Ericka Barnes said when her daughter was killed, she thought someone would be arrested within days for the murder, but almost a year later, Barnes is still waiting for that arrest and praying for justice.
“Just knowing that this person is still out here has been very hard, besides the fact that my daughter is gone,” Barnes said.
It’s been 11 months since Mya Lyons was found stabbed to death in an alley near her father’s home in the Auburn-Gresham neighborhood. Richard Lyons told police he found his daughter’s body shortly after he realized she had slipped out of his house around 11 p.m. on July 14th.

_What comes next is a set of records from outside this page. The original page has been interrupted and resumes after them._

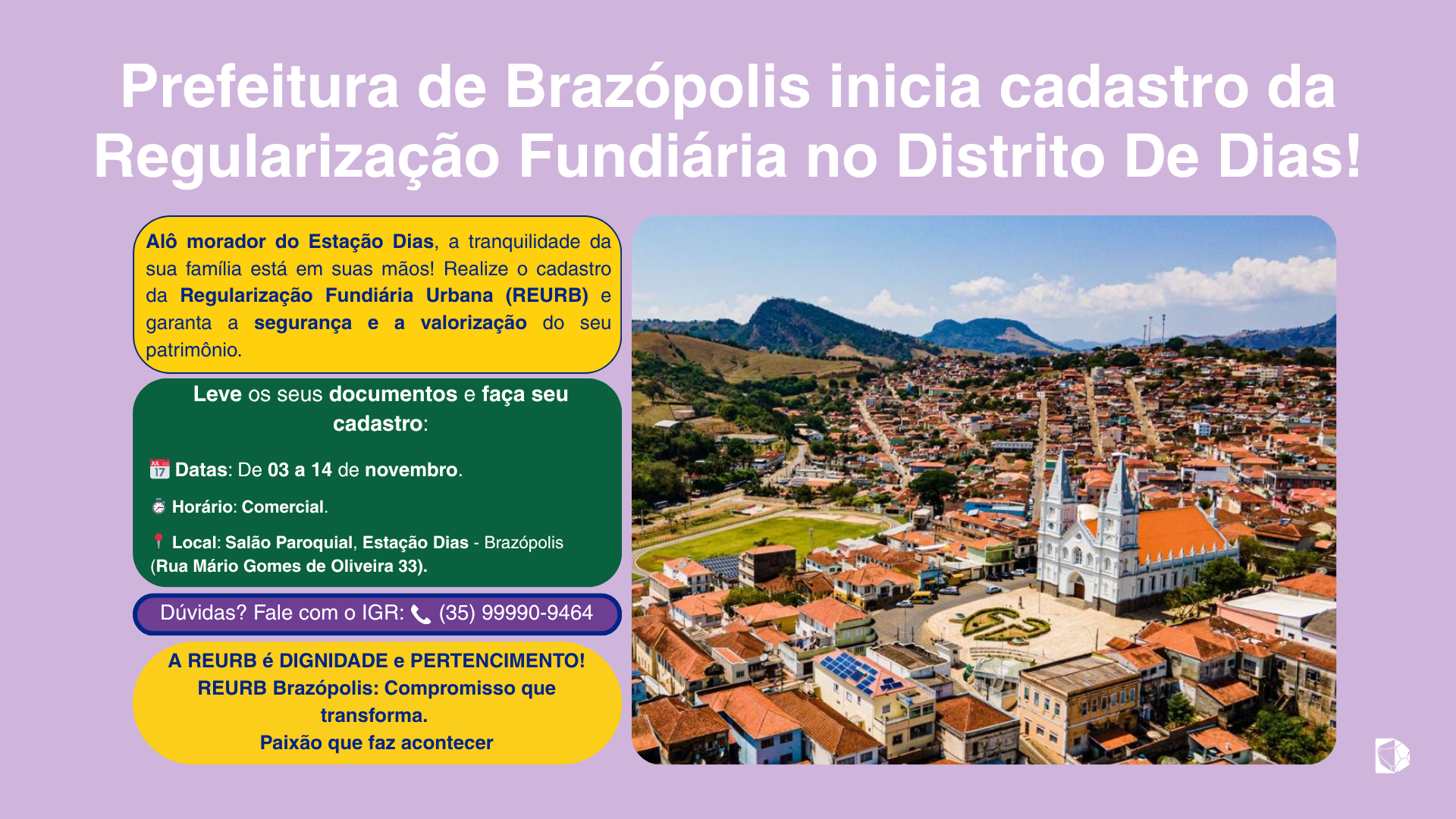 30 de outubro de 2025 Prefeitura de Brazópolis inicia cadastro da Regularização Fundiária no Distrito De Dias! LEIA MAIS REURB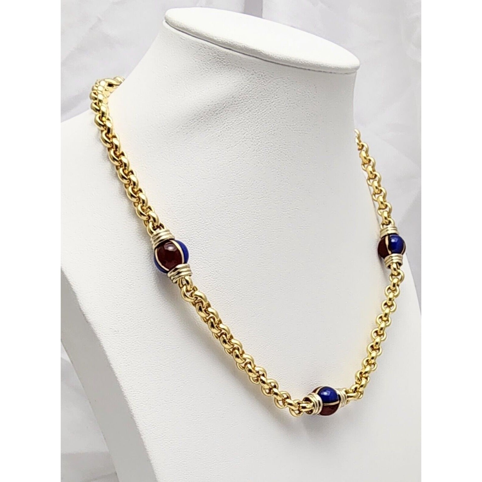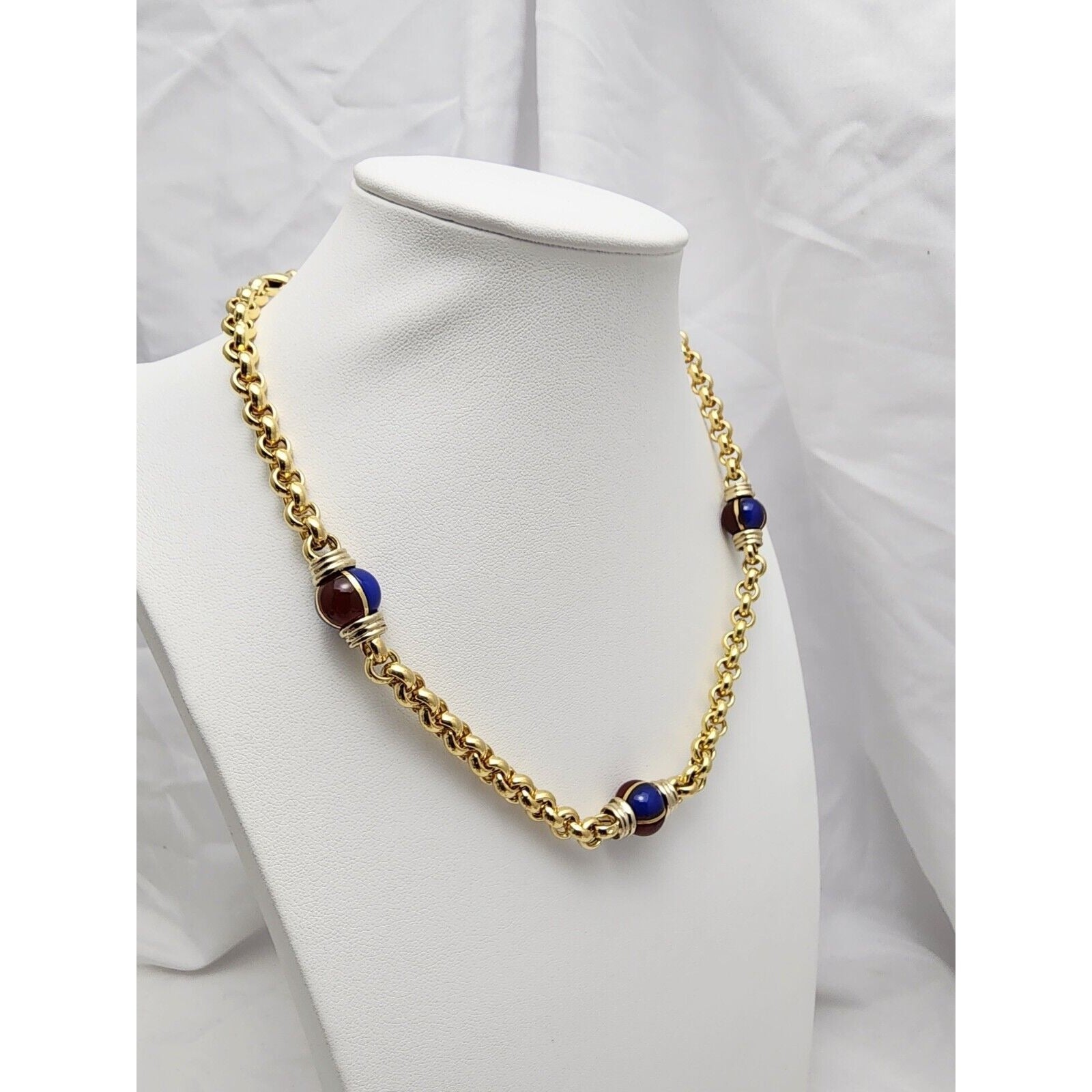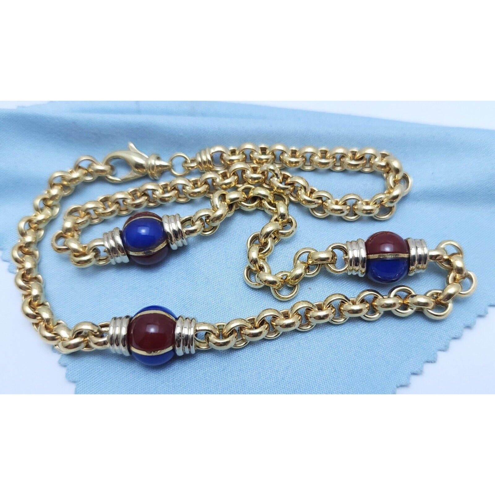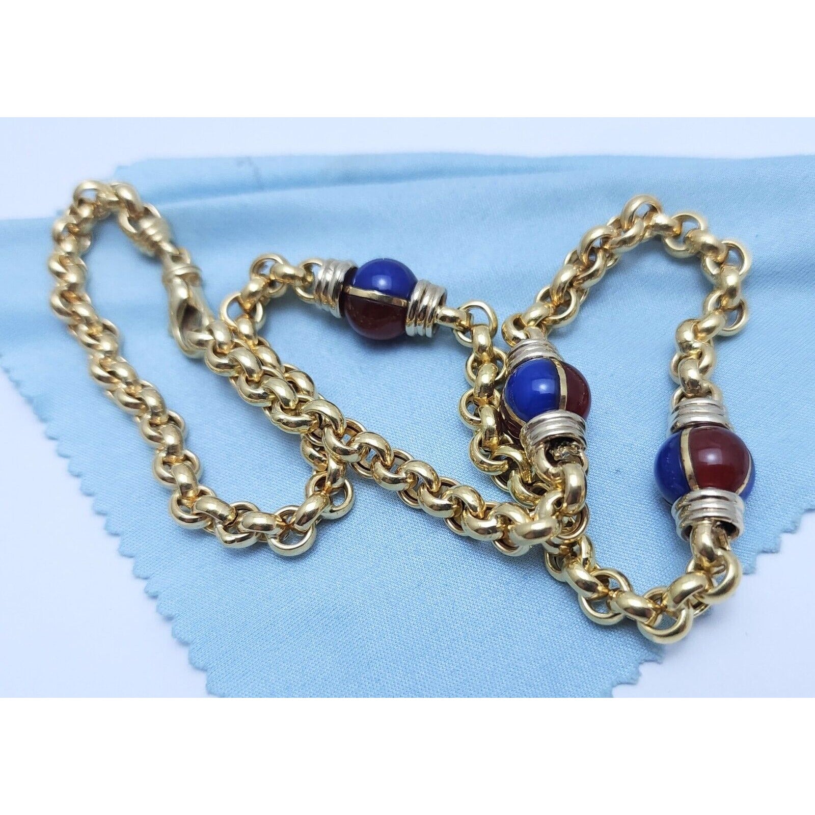 18K Yellow Gold Bead Ball Choker Cable Link Chain Necklace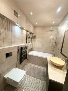 Квартира полностью готова для проживания. Выполнен современный дизайнерский ремонт в спокойных тонах. Качественные материалы, техника, мебель выполнена на заказ, установлены теплые полы.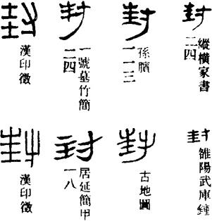 甲骨文、金文的封字,象植树于土堆之上或用手培土植树的样子,其本义为培土植树,又有聚土成坟的意思,引申为堆、冢之义。古人封土植树的目的是为了划分田界和疆域,所以封字还有疆界、界域之义。古代帝王把土地或爵位赐给臣子就叫做封,而诸侯或大夫所分得的土地就称为封地、封邑。封字由疆界之义又可引申为密闭、拘限之义,如封闭、封锁、查封等。

Mya was visiting him for the summer. Her mother, who lives in Addison, still can’t believe her daughter won’t come home.
“I miss my baby, and people that don’t understand that. I miss her so much,” Barnes said. “They took something.”
Ericka Barnes and her family say the lack of progress in the case adds to their pain, and with every other murder that is solved, they’re left wondering why Mya’s killer is still out there.
“When is it going to be my turn? My daughter to be at peace, when is our justice going to come?” Barnes said.
Barnes and her family say while they pray for the day Mya’s killer is caught, the thought also frightens them.
“I’m scared of who it might be,” Barnes said. “I feel like the person who killed my child, she knew them. Either she knew something, they didn’t want her to say anything. Something happened where they got scared and tried to cover it up by keeping my child silent permanently.”
But Barnes says not even death can silence Mya’s spirit.
“I just feel like she’s with me,” Barnes said. “I feel like I can hear just as well as if she was here, ‘Mama, it’s okay. It’s going to be okay.'”
CBS 2 wanted Mya’s father Richard Lyons to be a part of this story, but his attorney declined our request for an interview.
As for the investigation, Chicago Police will only say this is an ongoing investigation, and no one has been charged with the crime.
In the meantime, Mya Lyons’ mother and her family are planning a July 25th ceremony where they will release 365 balloons in remembrance of Mya.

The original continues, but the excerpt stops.